As there are no natural lakes of importance in the state there is no regularity in the stream flow, such as would exist if there were storage reservoirs on the headwaters of the streams. The flow of the streams varies according to the rainfall. Hence in cleared areas that are highly cultivated the rainwater runs off quickly and the streams rise rapidly at times of large precipitation. In wooded areas the water is held back and reaches the streams more gradually.

SURFACE WATERS OF THE COASTAL PLAIN

The surface waters of the coastal district are relatively unimportant as sources of potable water supply when compared with the underground waters. At no points are they employed to any extent for either public or private uses. This is due not so much to the generally small size of the streams above the head of tide as to their unpotable quality. Not only are they quickly rendered roily by the rush of the fine materials found along their banks, but their sluggish currents render the waters unwholesome in other respects.
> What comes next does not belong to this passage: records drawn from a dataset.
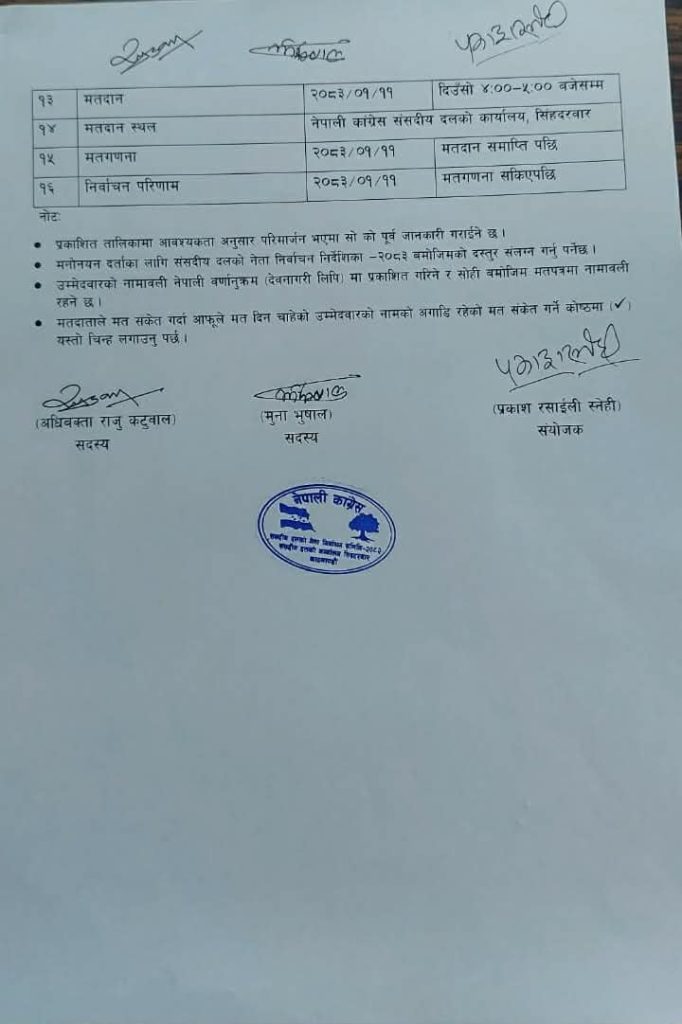 काठमाडौँ– नेपाली कांग्रेसले संसदीय दलको नेता चयनका लागि शुक्रबार निर्वाचन प्रक्रिया अघि बढाउँदै छ। पार्टीले सार्वजनिक गरेको निर्वाचन कार्यतालिका अनुसार उम्मेदवारी दर्ता बिहान ११ देखि १२ बजेसम्म हुनेछ भने मतदान साँझ ५ बजेसम्म सम्पन्न गरिने छ ।
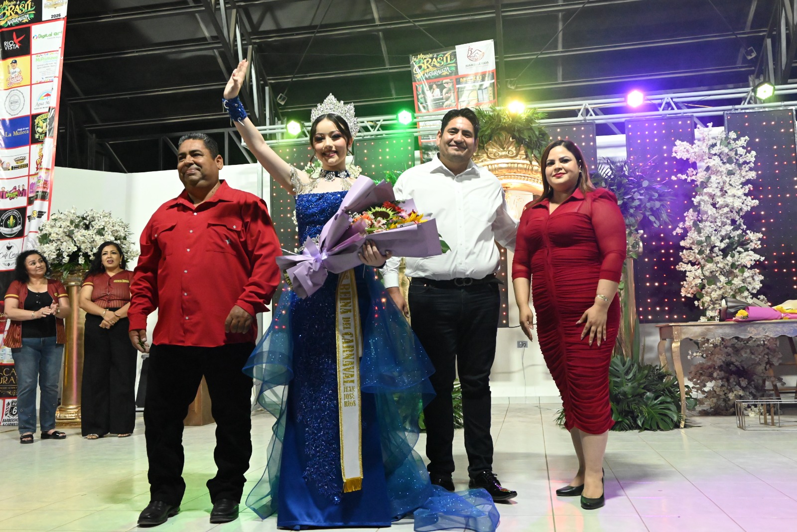 Juan José Ríos, Sinaloa. – Con éxito y emoción se realizó la coronación a reinas y rey del Carnaval Juan José Ríos 2026 donde el Comité Carnaval, el secretario Alfredo Magallanes Ovalles en representación de la alcaldesa Evangelina Llanes Carreón y autoridades municipales y ejidales participaron coronando a las nuevas figuras reales que representarán Reina Edad Avanzada, Manuelita; juegos Florales, Alejandra Herrera; reina de Cabalgateros, Paoleth Reyes Herrera; rey de la Alegría, Jesús Osuna; reina de la Diversidad, Desiré “Marimar”; realeza infantil, Sofía Soto y Reina del Carnaval 2026 Alexa Sandoval.
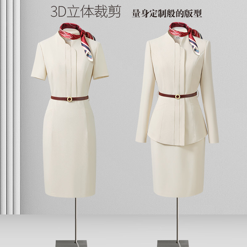 职业装套装春季长袖外套新中式连衣裙酒店前台客服售楼部女工作服
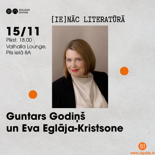 15. novembrī plkst. 18.00 kafejnīcā “Valhalla Lounge” (Siguldā, Pils ielā 8 A) notiks cikla “[Ie]nāc literatūrā” novembra saruna. Uz to Guntars Godiņš ir aicinājis literatūrzinātnieci Evu Eglāju-Kristsoni.
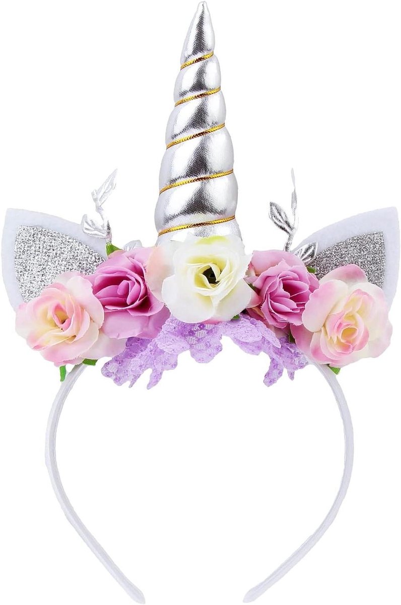 De bloemkop met glinsterende oren voegt een vleugje magie toe aan elke outfit, waardoor je kleine prinses zich speciaal en uniek voelt tijdens het feest.

Furthermore, vegetation is widely found in the waters, rendering them disagreeable for domestic purposes, and few are not contaminated by sewage.

The streams of northern Newcastle and Cecil counties, and those of western Anne Arundel and Prince George's counties, especially when their sources are in the highlands of the Piedmont Plateau, are better adapted for potable uses than those elsewhere in the area. Some of the streams reaching the margin of the coastal district in Baltimore and Harford counties may be similarly employed. Even these streams, how

ever, are inferior to those found in the higher areas of the state. Practically all of the streams therefore of Eastern and Southern Maryland may be classed as undesirable for potable uses.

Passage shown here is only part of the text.